Friday, September 29, 2006

September dreams

The leaves are starting to change color and all of a sudden wearing a jacket has become a necessity, not just a precaution. It’s late September, and I hardly know what has become of my favorite month.

September has held a special place in my imagination since I first saw the musical “The Fantasticks” when I was twelve years old. In the play, the month of September is a metaphor for the season of romance. While most of us spend the Septembers of our youth readjusting to school and lamenting the end of summer, when you stop and think about it, it is an ideal time for long walks and quiet talks. The weather is mild, the days are still relatively long, and the nights are filled with cricket songs. “The perfect time to be in love,” as the narrator tells us in “The Fantasticks.”

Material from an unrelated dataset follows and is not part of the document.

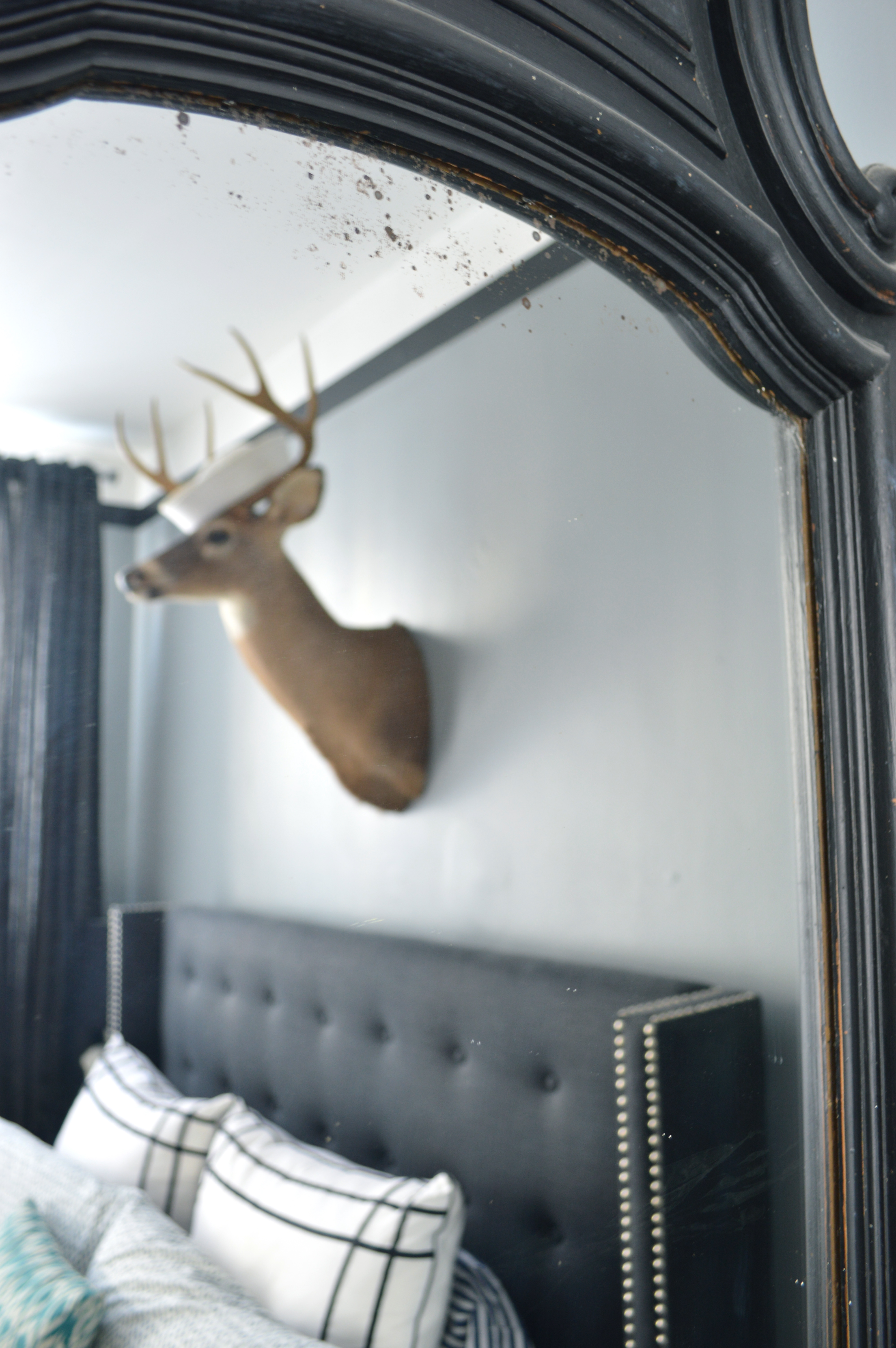 Hunting is big in my family and, while I’m not a hunter myself, I do enjoy some taxidermy. Say hello to Barnard. Doris and Betty also wanted to say hi, so say hello to them too. The chandelier was painted white when I bought it but I thought our bedroom could use some color so I picked up a can of spray paint and went to town. Hot pink town.

At this time of year, I tend to take out my recording of the soundtrack for “The Fantasticks” and allow my romantic notions to bloom anew. Between the romance of September and the optimism of the Jewish new year, this time of year always feels to me like one of great promise.

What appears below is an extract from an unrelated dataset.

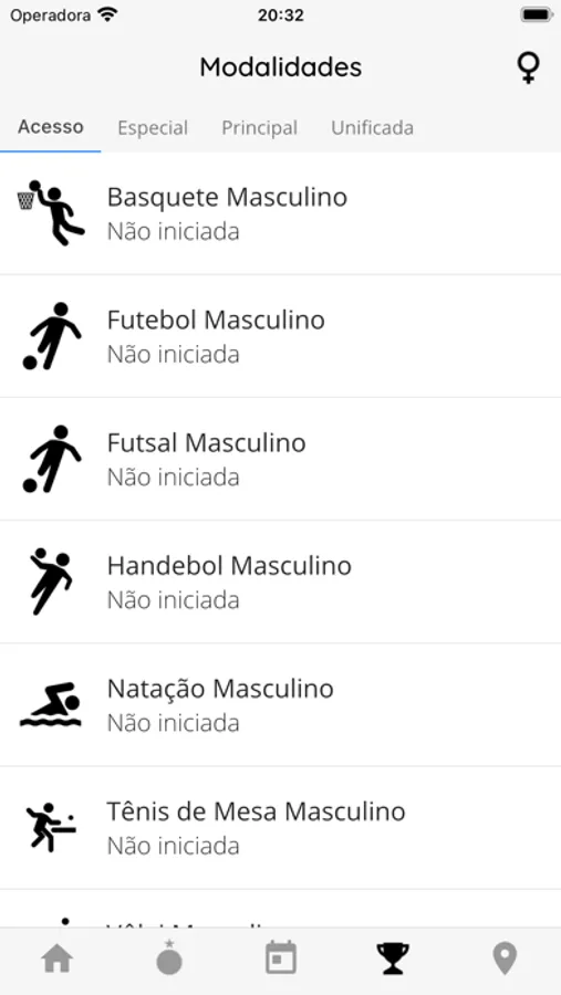 - Ver o calendário de jogos da competição, chaveamento das modalidades e classificações

I was happy to find out several weeks ago that, after a four-year absence, “The Fantasticks” has returned to the New York theatre scene. I saw the musical several times in its long-time home, the Sullivan Street Theater, including one last time in December 2001, not long before the show ended its run in January 2002. At that time, the play’s themes of hope and disappointment and happy resolution and of Trying to Remember a certain kind of September were especially poignant following the terrorist attacks of September 11, just blocks from the theater in lower Manhattan.

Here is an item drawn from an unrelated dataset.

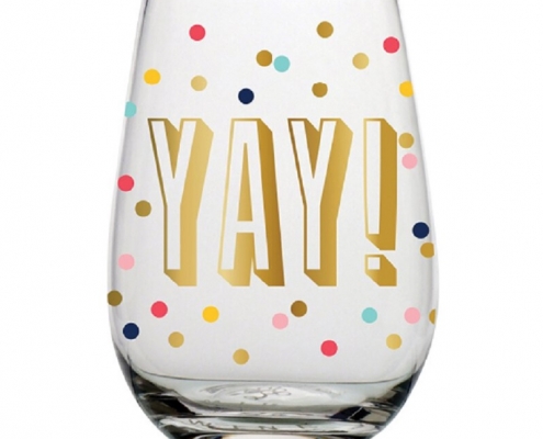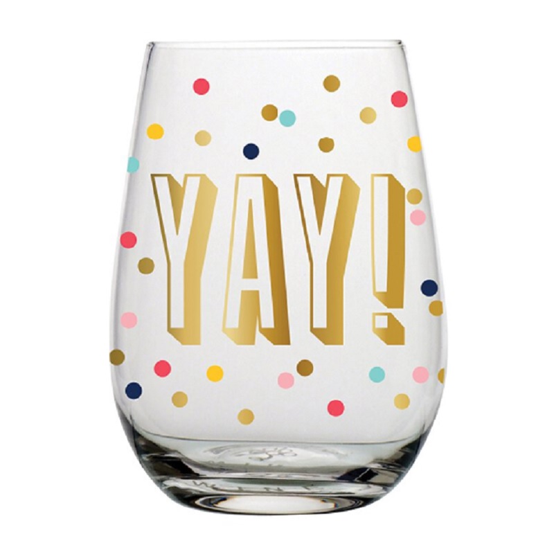 Celebrate special occasions in style with this cute and decorative stemless wine glass. This glass features:

Soon after, I wrote a column for the Pittsburgh Post-Gazette about the play’s influence on my own life. Four years later, most of the lessons still apply.

As I understand it, the new production of “The Fantasticks” includes some revisions to songs and lyrics, but preserves the special spirit of the show. It is still performed with minimal scenery and props, and still acted in front of small, intimate audiences. I was so happy to hear about this revival because, having attended some amateur productions of the musical, there is nothing quite like the real thing. And, anyone who has seen the show can attest that there seems to be an oral tradition associated with the show that is presumably passed from one cast to the next. It gives me great comfort that the actors in this new production can still learn from the musical’s creators about staging for certain critical scenes and about the richness of meaning implied by the script.

Next time I’m in New York, I hope to go see “The Fantasticks” and the revival of “A Chorus Line,” which I never saw on Broadway, but which I have loved for years because of the movie based on the musical.

September is closing, but the new year is just beginning, and I have very high hopes for the year ahead – both theatrical and personal.

A belated Shana Tova to all my readers!